Just as Ben is about to make ‘may rape her’ into ‘is raping her’, the sheriff pulls up to see what’s going on. Lynn makes a quick break for it and gets into the sheriff’s car. She doesn’t tell him about Ben’s advances; she just says she wants a ride back to the café/farm where she’s staying. Lynn has been acting stranger and stranger even as the sheriff starts showing interest in the beautiful young waitress. Finally, he leaves and Lynn, oddly, decides to call Ben. She apologizes to him for how she behaved and asks him to come over the next day so she can make it up to him.
Ben is excited to come and let Lynn make things up to him. He’s even more excited when she invites him into the bed with her. The pair are making out hot and heavy when Lynn reaches under the sheets towards his crotch. Ben is enjoying her attentions to his special place when she snaps her hand up. There is a spurt of blood under the sheets and Ben screams. Lynn pulls out the straight razor she used on him and finishes the job.
Zambrini hears the commotion and comes in to find Lynn hugging herself and speaking gibberish on the floor. Ben is dead and the walls are covered in blood.
If Lynn had come to almost any other farm she’d have been arrested and that would be the end of it. Only Zambrini has his own murderous secrets to keep and plus, he likes the pretty young drifter. So instead of calling the sheriff, Zambrini cleans Lynn up, puts her in his bed to rest and cleans the room up. What happened to Ben? Take a guess. Now the question becomes one of how long can these two broken people keep their deadly secrets?
An independent release written and directed by star Marc Lawrence, Pigs is a film of many titles. Among the many titles the film has had: The 13th Pig, Daddy's Deadly Darling, Horror Farm, Daddy's Girl, The Strange Exorcism of Lynn Hart, The Strange Love Exorcist and Roadside Torture Chamber. The film had a decent cinematic run in 1973, with the distribution company serving bacon at the film’s premiere.

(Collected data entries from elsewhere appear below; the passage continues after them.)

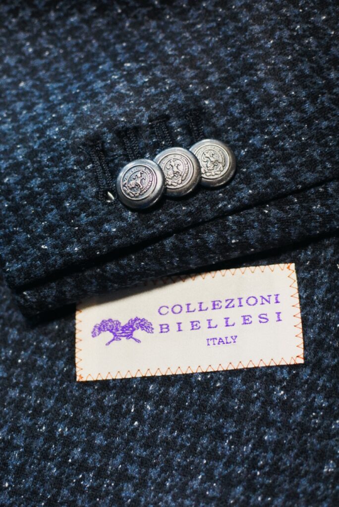 お選びいただいた生地は、イタリア「BIELLESSI」。ウールにシルクをブレンドし、上質な光沢としなやかなストレッチ性を兼ね備えた名品です。
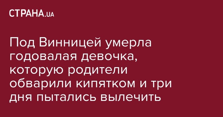 В районной больнице под Винницей умерла от ожогов годовалая девочка. Об этом сообщает пресс-служба ГУ Нацполиции в Винницкой области.
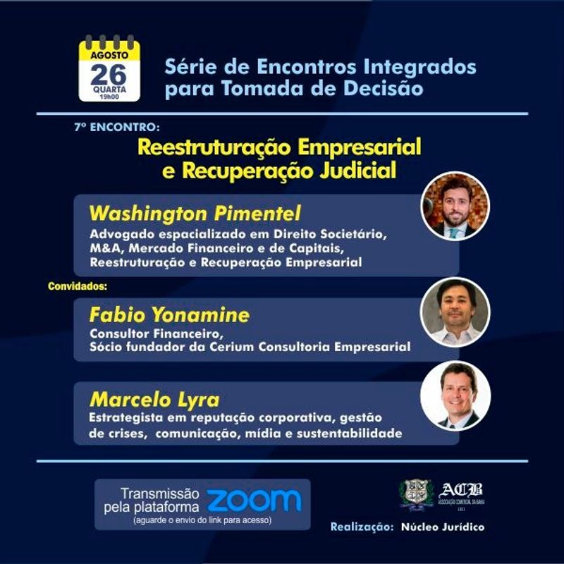O Encontro Integrado para Tomada de Decisão desta quarta-feira (26) recebe três renomados especialistas para debater reestruturação empresarial e recuperação judicial, tema que ganha ainda mais importância diante da crise causada pela pandemia do coronavírus. Advogado especialista em reestruturação empresarial e recuperação judicial, Washington Pimentel tem a companhia do consultor financeiro Fábio Yonamine, com sua experiência de CEO da OAS Investimentos e Empreendimentos e responsável pela recuperação judicial do Grupo OAS, além do estrategista Marcelo Lyra, que já ocupou cargos como a vice-presidência de comunicação da Odebrecht e Braskem. O encontro acontece a partir das 19 horas, pela plataforma ZOOM. Participe com sugestões e questionamentos: - @nucleojuridicoacb - (71) 99681 0707 Link para acesso: https://us02web.zoom.us/j/89966159670
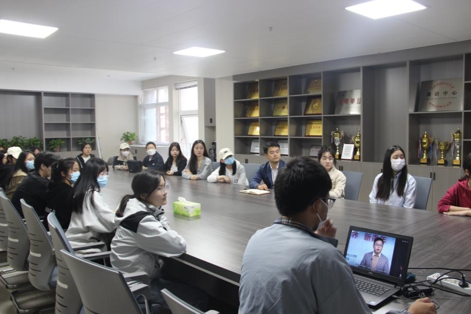 4月1日上午,外语学院党委副书记乔现伟和学生代表一起,在教学科研楼745会议室观看直播,学院辅导员和其他同学,通过网络认真开展线上学习。思政课结束后,同学们交流、畅谈了自己的感悟,纷纷表示坚定理想信念,勇担新时代青年使命,深入体悟践行党的二十大精神。
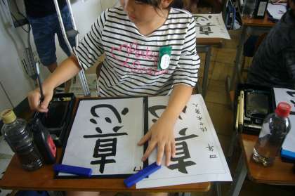 心を落ち着かせ、姿勢よく、ていねいに書きました。
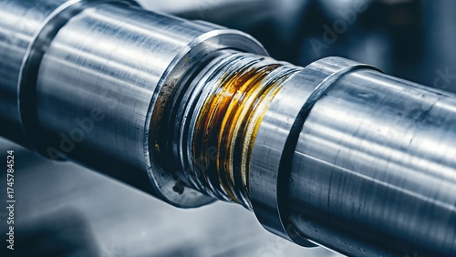 Greased Industrial Metal Shaft Close-Up. Precision Engineering Machinery With Lubricated Joints For Mechanical Performance
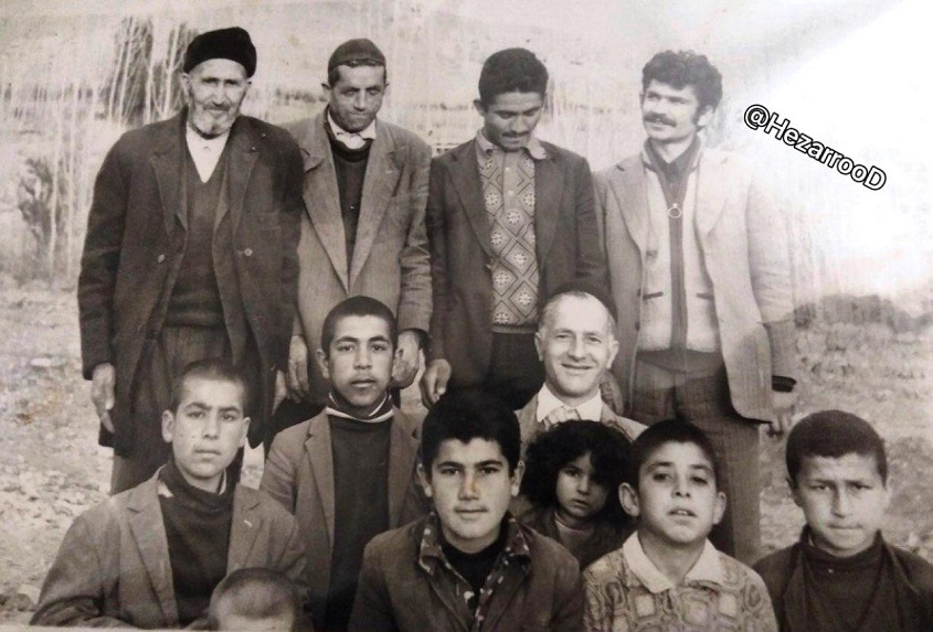 ایستاده از چپ: مرحوم حاج میر حمزه شفیعی، مرحوم مشهدی قاسملی عباسی، کربلایی نقدعلی محمدی و آقای قرهباشلو( فرهنگی مستقر در هزاررود)
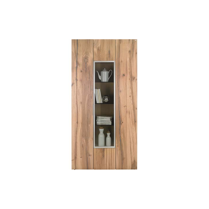 Този дизайнерски витринен шкаф е изработен от масивен дъб, съчетавайки естетика във визията си и практичност. С внимание към детайла и висококачествени материали, той предлага дълготрайна употреба.
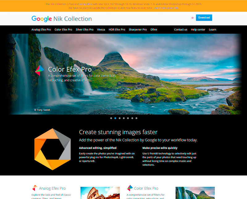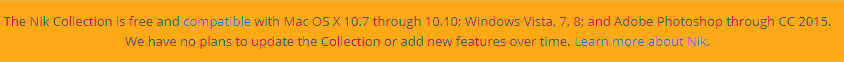 Resumiendo, hace unos años Google adquirió la suite a Nik, posteriormente los puso en descarga gratuita, lo cual parecía una buena noticia, pero desde el año pasado decidió dejarlos morir. Si como lo oyes, en su página Google anuncia que no va a dar soporte a los filtros Color Efex Pro, así que en cuanto se han ido actualizando los sistemas operativos, y las aplicaciones de Adobe, Color Efex Pro han ido dejando de funcionar poco a poco. Por ejemplo en la última actualización de Mac a Sierra ya no admite la instalación de este paquete de filtros, así que la gente que llevaba años trabajando con ellos, y que los tenía muy incorporados en su flujo de trabajo se han quedado tirados.
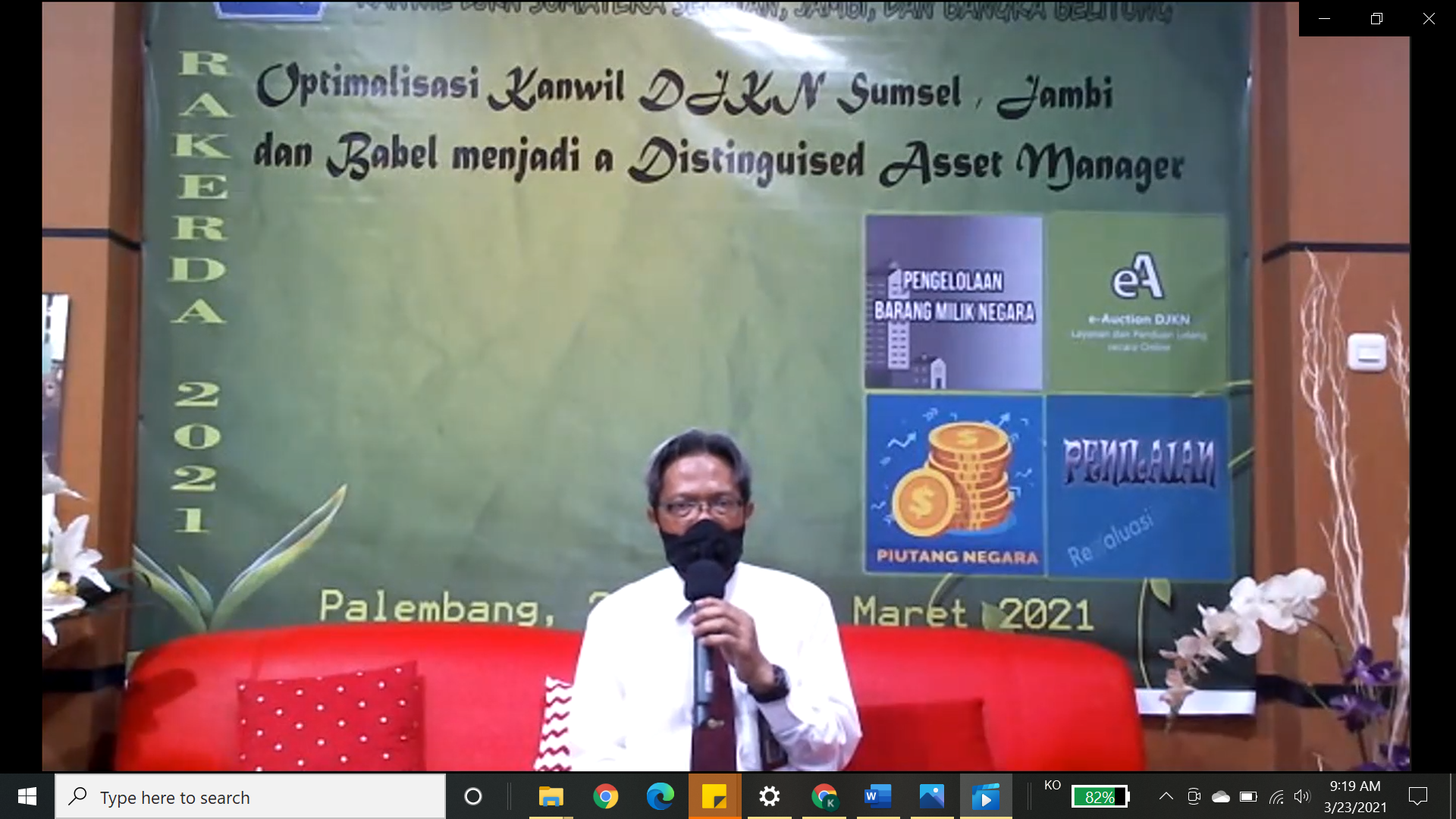 Palembang – Kantor Wilayah Direktorat Jenderal Kekayaan Negara Sumatera Selatan, Jambi, dan Bangka Belitung (Kanwil DJKN SJB) membuka penyelenggaraan Rapat Kerja Daerah (Rakerda) 2021 bertema “Optimalisasi Kanwil DJKN SJB menjadi Distinguished Asset Manager” pada Senin (22/3). Acara yang dijadwalkan berlangsung selama lima hari hingga Jumat (26/3) ini dihadiri oleh Direktur Jenderal Kekayaan Negara Rionald Silaban. Dalam arahannya, Rionald mengingatkan segenap jajaran Kanwil DJKN SJB bahwa Rakerda bukan hanya sarana informasi kinerja, tetapi harus dapat dimanfaatkan sebagai kesempatan untuk bersama meluruskan pandangan dan merapatkan barisan dalam memberikan layanan kepada masyarakat.
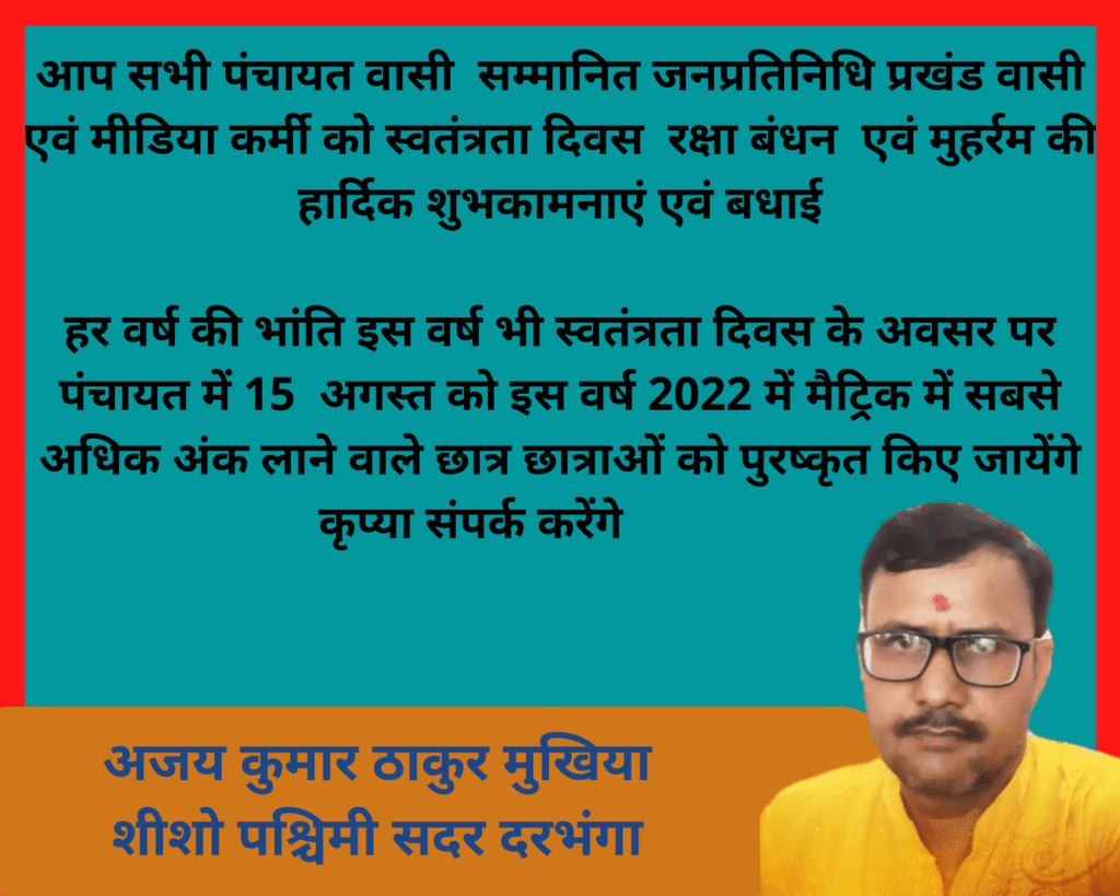 आप सभी पंचायत वासी सम्मानित जनप्रतिनिधि प्रखंड वासी एवं मीडिया कर्मी को स्वतंत्रता दिवस रक्षा बंधन एवं मुहर्रम की हार्दिक शुभकामनाएं एवं बधाई |
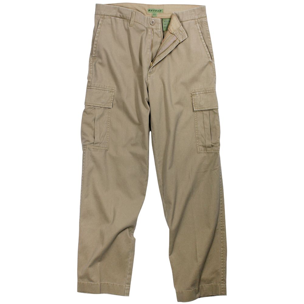 The Vintage Flat Front Cargo Fatigue Pants from Ultra Force are testament to the wide range of clothing at Ultra Force. These pants feature six highly useful pockets two of which are slant pockets in the front. The pants also feature two cargo pockets on the sides and two concealed pockets on the rear. These trendy and rugged cargo fatigue pants are made from 100% cotton twill and bear the washed finish lending them the air of toughness. The pants have a brass zipper fly and button closure for convenience. These cotton twill pants have a relaxed fit and are available in a wide variety of sizes.

Despite its humble origins (Lawrence mortgaged his home to make the film) it is actually an interesting film. Lawrence’s Zambrini is a quirky, lonely man who’s not quite a villain despite his habit of feeding the recently deceased to his pigs. Toni Lawrence (Marc’s daughter in real life) gives a good performance as the mentally unstable young drifter woman Lynn. While the film is somewhat slow at times, it takes enough unexpected twists to keep the viewer interested. Don’t go in expecting Silence of the Lambs. Take Pigs for what it is, a low budget horror/thriller and you won’t come out of the film disappointed. After all, the film was ultimately purchased by Lloyd Kaufman’s Troma Studios for distribution so you know that it may be entertaining, but it isn’t going to be too deep. Check out Pigs for yourself and see if this film will bring home the bacon for you.